The line containing "Поздравляем педагога-психолога Сафину" marks the end: extract everything from the first line of the data through that line, exactly, with no pictures.

- Input for this task -
━━━━━━━━━━

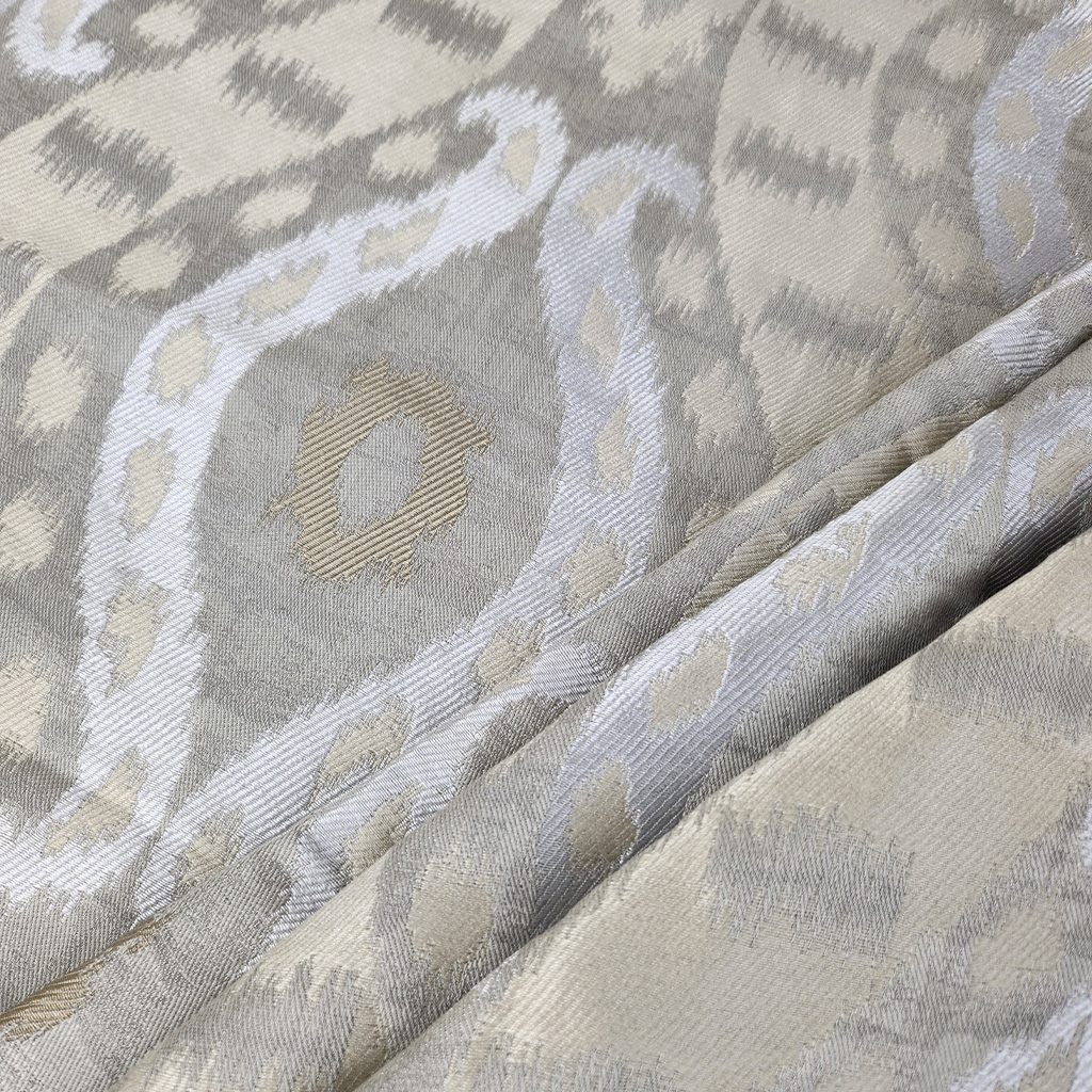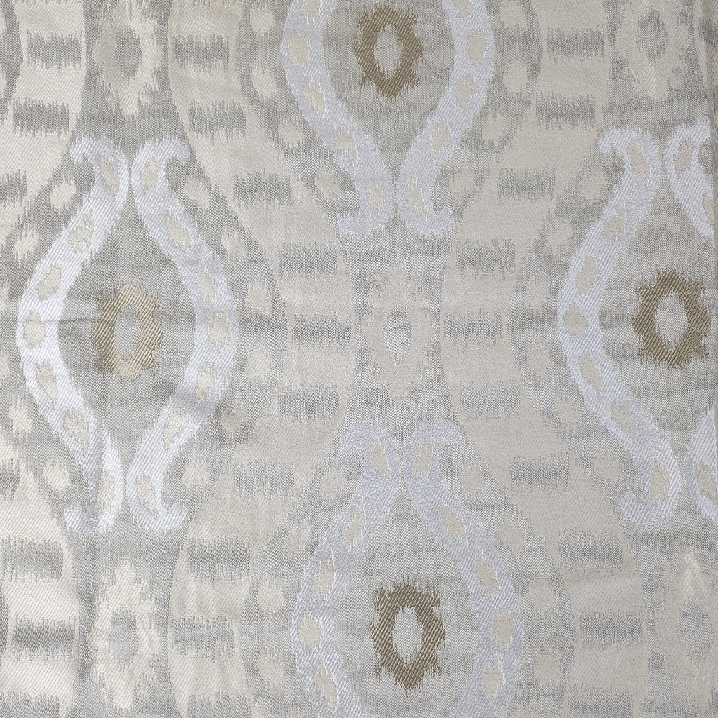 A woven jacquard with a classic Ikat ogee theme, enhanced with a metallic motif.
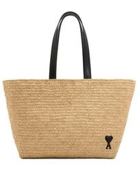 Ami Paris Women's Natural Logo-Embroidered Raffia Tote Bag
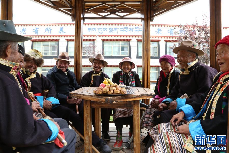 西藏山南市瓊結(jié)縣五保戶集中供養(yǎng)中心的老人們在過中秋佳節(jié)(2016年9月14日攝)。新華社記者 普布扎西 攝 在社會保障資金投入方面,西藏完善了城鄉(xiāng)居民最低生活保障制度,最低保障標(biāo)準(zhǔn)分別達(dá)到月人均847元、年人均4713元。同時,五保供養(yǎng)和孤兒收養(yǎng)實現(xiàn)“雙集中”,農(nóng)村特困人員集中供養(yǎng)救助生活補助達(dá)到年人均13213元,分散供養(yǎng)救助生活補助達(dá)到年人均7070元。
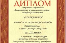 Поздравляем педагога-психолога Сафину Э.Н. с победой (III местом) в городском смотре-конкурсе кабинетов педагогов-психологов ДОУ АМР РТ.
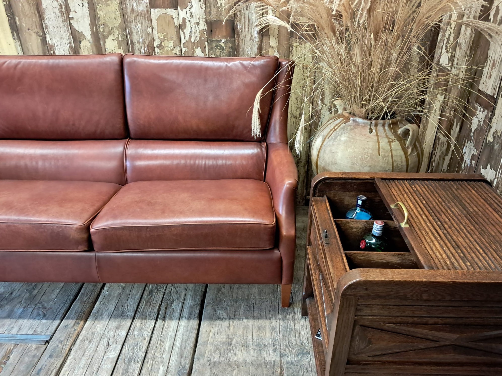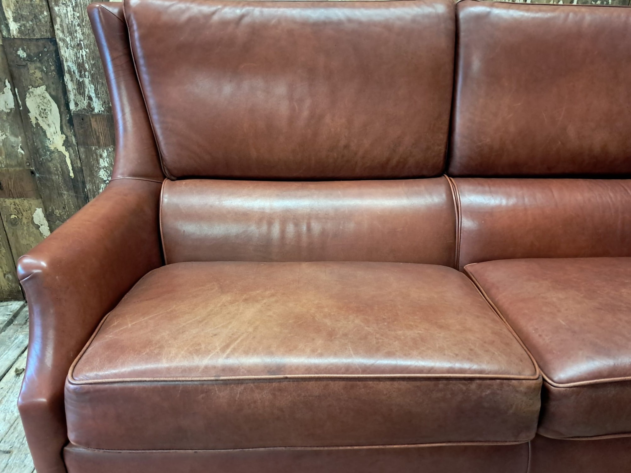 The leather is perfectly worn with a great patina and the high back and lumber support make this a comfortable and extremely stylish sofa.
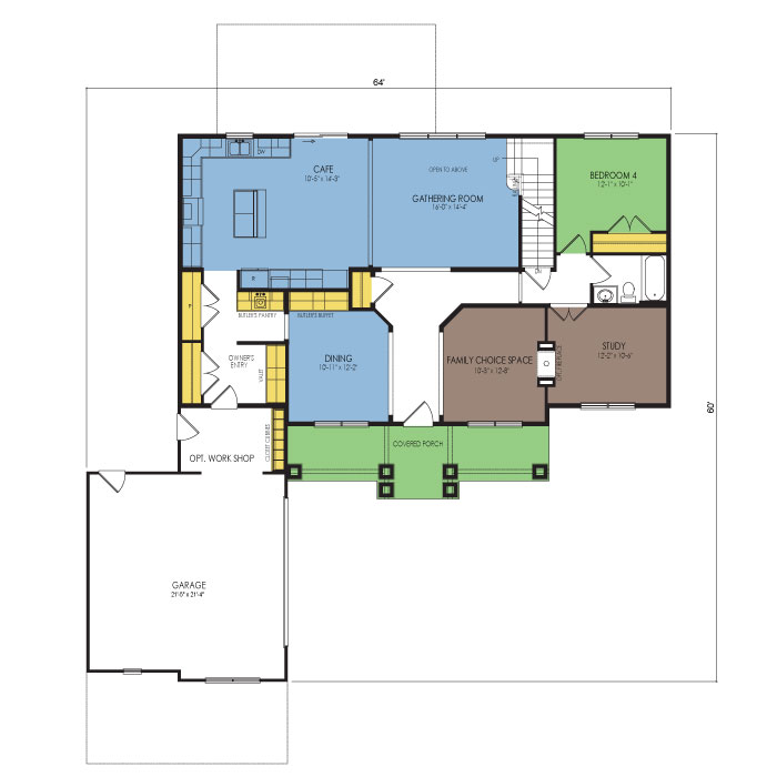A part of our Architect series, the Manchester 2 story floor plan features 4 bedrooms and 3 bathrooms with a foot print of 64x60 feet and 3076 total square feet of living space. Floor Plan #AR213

━━━━━━━━━━

- Answer space -
 A woven jacquard with a classic Ikat ogee theme, enhanced with a metallic motif.
 Ami Paris Women's Natural Logo-Embroidered Raffia Tote Bag
 西藏山南市瓊結(jié)縣五保戶集中供養(yǎng)中心的老人們在過中秋佳節(jié)(2016年9月14日攝)。新華社記者 普布扎西 攝 在社會保障資金投入方面,西藏完善了城鄉(xiāng)居民最低生活保障制度,最低保障標(biāo)準(zhǔn)分別達(dá)到月人均847元、年人均4713元。同時,五保供養(yǎng)和孤兒收養(yǎng)實現(xiàn)“雙集中”,農(nóng)村特困人員集中供養(yǎng)救助生活補助達(dá)到年人均13213元,分散供養(yǎng)救助生活補助達(dá)到年人均7070元。
 Поздравляем педагога-психолога Сафину Э.Н. с победой (III местом) в городском смотре-конкурсе кабинетов педагогов-психологов ДОУ АМР РТ.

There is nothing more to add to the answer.